It was another era, another
generation. When the men were still in white and television just
emerging from the black-and-white era. But the national obsession
for cricket endures, bridging the 28-year gap and bringing back
sepia-tinted moments of that historic summer day at Lord's when
India, led by the flamboyant Kapil Dev, brought the World Cup home.
As India makes another effort at winning the World Cup in Mumbai
Saturday, it's as if the decades have telescoped in time.
In that 1983 summer, satellite television had made a technological
leap into Indian homes just the year before when New Delhi hosted
the Asian Games. Rajiv Gandhi, who was keen that the country did not
"miss the bus" of the technological revolution, had liberalised the
communication regime, made TV sets cheaper.
And for the first time, Indians had the benefit of live coverage of
important events from within the country and around the world.
As Team India brought off a stunning upset over a West Indies team
that seemed invincible, firecrackers exploded across the country in
celebration of a victory whose timing could not have been more
appropriate.
Here was an India emerging from decades of an economically
repressive socialist regime that made not just modern technology but
modern goods and services virtually unknown to the average Indian,
cut off from the wider world not just economically, but in the
communication and information sense as well.
The 1983 triumph was in many ways a twin triumph for middle class
Indians who not only had the privilege of watching live cricket
sitting thousands of miles away - an unthinkable situation those
days - but got to see the Indian team snatch a dream victory in the
home of cricket.
The opening up of the airwaves suddenly gave Indian access to a
whole new world in entertainment and instant information. But TV was
still within the reach of a privileged few, timings were still
restricted to certain hours and viewer choices were limited to
Doordarshan's basket of two or three channels and what government
mandarins deemed was fit to watch.
Nearly three decades later, India stands on the threshold of a
second World Cup victory, and that too on home soil.

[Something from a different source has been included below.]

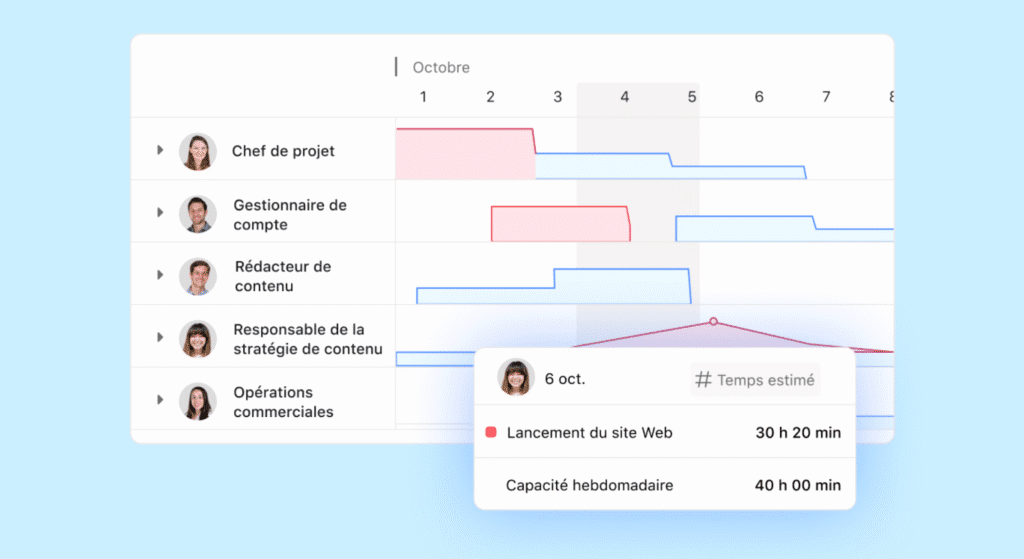 Sans une vue sur qui fait quoi et quand, vous naviguez à l’aveugle. Certains outils proposent une vue charge ou timeline… d’autres non. Pour répartir la charge efficacement, visez un outil avec Gantt ou vue “workload”.
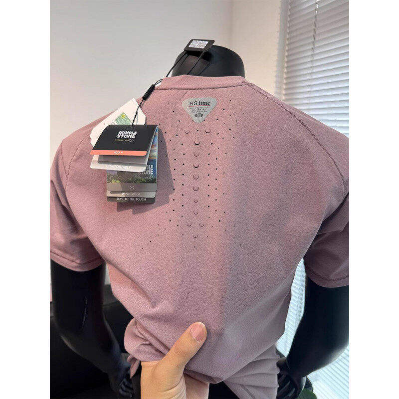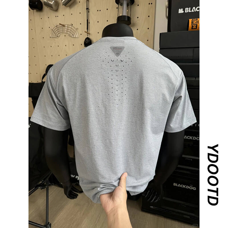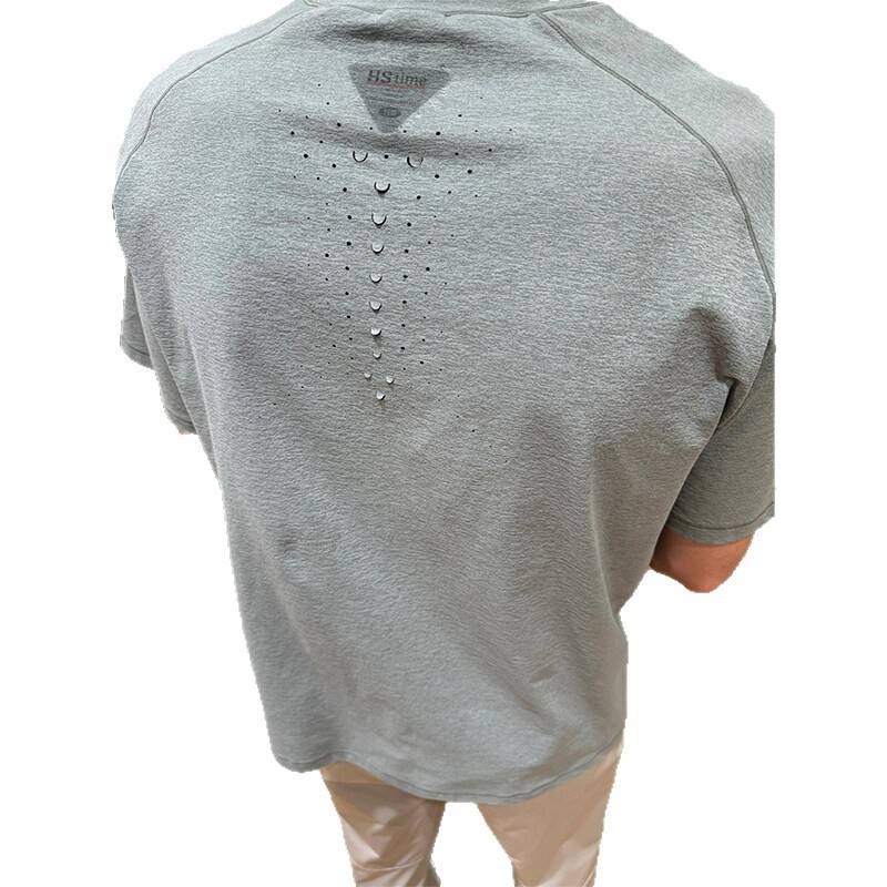 เสื้อยืดผู้ชายแห้งเร็วแบบมีรูระบายอากาศด้วยเลเซอร์ แขนเสื้อแบบแร็กแลน ทรงหลวม ใส่สบาย เหมาะสำหรับเล่นกีฬาและสวมใส่ลำลอง ผลิตจากโพลีเอสเตอร์ 100%

Millions of
Indians in India and abroad are going to watch the same match
literally in the palm of their hands as television undergoes a
generational leap that makes it accessible anytime, anywhere through
mobile phones which have now empowered almost two-third of its
population.
A generation of middle class Indian youth used to getting what they
want - and when they want - may find it difficult to believe that
diehard cricket fans had to go to the homes of a still privileged
minority to watch live action of an event that others would read
about only in the next day's papers.
India were no favourites of bookies when they began their campaign
with their opener against the mighty West Indians in their four-team
group that had Australia and Zimbabwe as well. But they shocked the
then Goliaths of world cricket with a 34-run victory before being
thrashed by the Australians.
The results were reversed in the return matches, with West Indies
defeating India and India getting the better of Australia. But what
people remember from that memorable summer of 1983 was the heroic
captain's display by Kapil Dev, dubbed the Haryana Hurricane by the
media, who brought back India from the brink of defeat against
Zimbabwe with whirlwind 175 after India had lost half the side for
just 17 runs.
But the best of Kapil Dev was to be reserved for the final. West
Indies, led by 'King Viv' Richards, were widely expected to plough
through the Indian batting, which they did as India were shot out
for 183 runs in the face of a hostile pace attack from the fiery
foursome of Andy Roberts, Michael Holding, Joel Garner and Malcolm
Marshall.
However, when it came to their turn, the West Indian batsmen
collapsed in the face of some determined bowling by the Delhi duo of
Mohinder Amarnath and Madan Lal, each of whom bagged three wickets,
to set the calypso charmers crashing 43 runs short of the winning
target set by the Indians.
And the freeze-frame moment - one that has remained etched in memory
of all those who watched that game on a muggy Indian summer evening
- was provided by Kapil Dev who ran 20 yards to cup a skier by
Richards at a time when he seemed to be singlehandedly blasting his
team's route to victory.
Jubilant Indian fans went wild with celebration, in England and back
home, as news filtered through into the streets and markets.
Television had arrived, India had broken through the communication
barrier and cricket took a mighty plunge into people's psyche as a
trans-denominational religion whose devotion has only got more
fevered and intense with the passage of time.